The University of La Verne baseball field will be dedicated to La Verne alumnus Ben Hines tomorrow at 5 p.m., as part of the Homecoming festivities.

Hines is being honored because of his 20 years of service as a ULV pro­fessor, winning baseball coach and because of his recent success as the Los Angeles Dodgers batting coach.

The ceremony will consist of a pro­clamation by La Verne City Coun­cilman Robert Rodriguez, a plaque presented by University President Dr. Stephen Morgan and a presentation from the Athletic Department and Roland Ortmayer, men’s athletic direc­tor and coach.

Hines will then be “roasted” at a banquet held in his honor in the La Verne Community Center.

Tickets are $25 a person and can be obtained through University Relations.

The master of ceremonies for the roast will be Gordon Verrell. Verrell is a 1960 graduate of ULV who works for the Long Beach Press Telegram and is president of the National Baseball Writers of America. Bob Dyer, president of the La Verne Athletic Associaton, will do the welcome. Roasters will include former classmates of Hines, such as Nathan Liskey and Milan Rupel; former La Verne players Bob Dyer and Craig Bowser; Hines’ children Kristi, Bruce and Steve; and Rick Dempsey and Mike Scioscia, who met Hines when he began to work for the Dodgers organization in 1984.
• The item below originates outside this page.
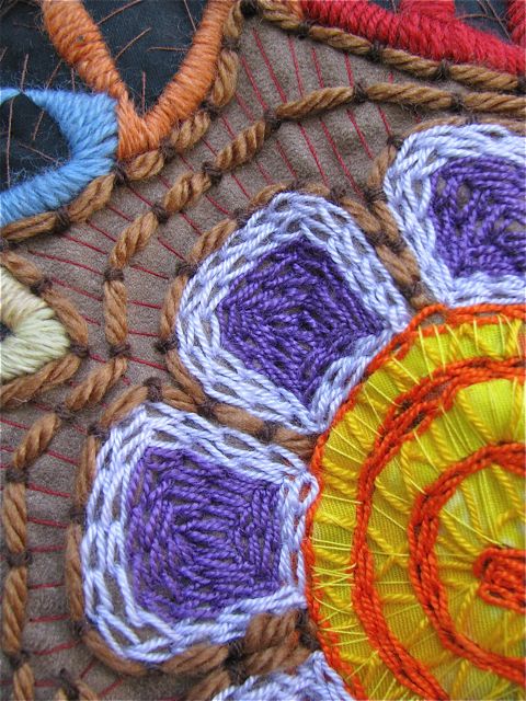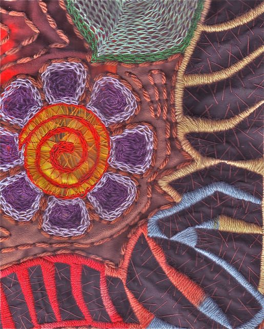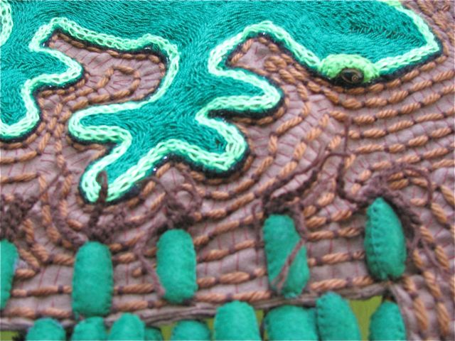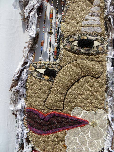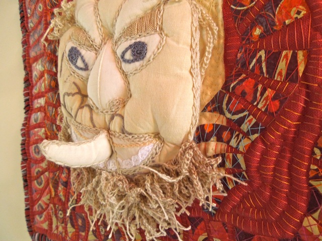 “El diablo“. Hand embroidery, paper appliqué, and quilting. 54 X 40 cm. 2014

Wanda Hines will next speak on “The Real Ben Hines.” Hines will then get a chance to respond.

Hines joined the La Verne College staff in 1960, two years after his graduation in ’58. Former classmate and self-labeled batboy of La Verne, Milan Rupel, characterized Hines in these words, “Ben personally is the kind of guy who never accepts No. 2. He is quite willing to compete.”

Hines laughingly acknowledged this claim, saying, “I guess that has been a part of my drive. I always felt when I was at La Verne that it should be the best, and that’s what I strived to do.”

Hines succeeded in his efforts. For 15 seasons, from 1966 to 1980, his baseball teams built a 460-223 record, averaging 30 triumphs per season. He brought La Verne to its first National Association of Intercollegiate Athletics (NAIA) championship in 1972, and was recognized as “Coach of the Year” by the NAIA in 1977.

Hines not only improved La Verne’s baseball team. He and his family are credited with building the baseball stadium that stands today. His family and players built the mound, installed the bleachers, dugouts and lights,
seeded and leveled the field and turned it, in the words of Carol Fetty, ULV public relations director, “into one of the better stadiums in the league.”

Hines left La Verne in ’81 and subsequently worked as assistant coach at Arizona State University, hit­ting instructor for the California Angels and Seattle Mariners, and worked shortly for the Baltimore Orioles as a part-time coach. He spent the 1987 season as batting coach for the Albuquerque Dukes of the Pacific Coast League and helped them win a championship and the league’s batting title.

Hines is recognized today as one of baseball’s foremost batting instructors and has written a book on hitting techniques, entitled, “The Swing’s the Thing.”

He signed on with the Los Angeles Dodgers in 1984 as a roving instructor and then became a batting coach for them in 1985. He is still working for the organization today.

When the announcement was made last homecoming that the baseball field would be dedicated to him, Hines reacted emotionally, expressing his strong ties to the University. One year later, he had this to say, “It feels very nice that a lot of your peers and friends and associates would want to do something this nice in your behalf.”